The three indicators were driven by the rebound of more than 3.0 per cent, on average, of the shares of the technology sector; in addition to the rise of energy companies thanks to rising oil prices.
The Industrial Index D ow Jones recorded an advance of 0.14%, to settle at 24,348.60 units, while the S & P 500 index increases by 0.08 percent, to 2 thousand 728.84 units.
On the other hand, the Nasdaq index operates with a marginal decrease of 0.09% and stood at 7,560.75 units
The indices increased thanks to a rebound in energy values.
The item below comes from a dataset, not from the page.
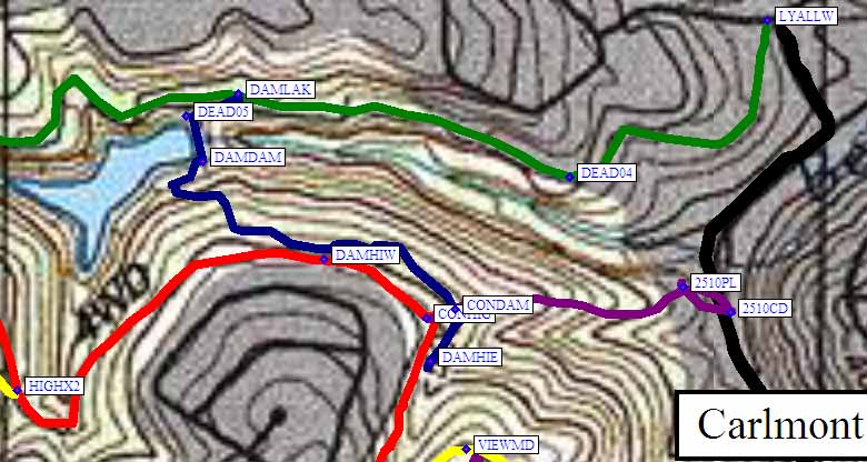 Connects the Lake Trail (at waypoint DAMLAK) and the High Trail (at waypoints DAMHIE or DAMHIW) by going across the dam (waypoint DAMDAM) at the east end of Water Dog Lake.

Oil briefly surpassed $ 75 a barrel for the first time since November 2014 before retreating, and China eased some trade concerns by pledging not to use the yuan as a weapon in any trade dispute.
showed slight changes to mixed economic data on factory orders and durable goods orders for the month of May. In Mexico, no relevant figures were published
Factory Orders rose 0.4% in May, better than expected; while durable goods orders fell 0.4% in the fifth month of the year, compared with an average estimate of -0.5 by the market.
With information from Reuters, Notimex and Bloomberg.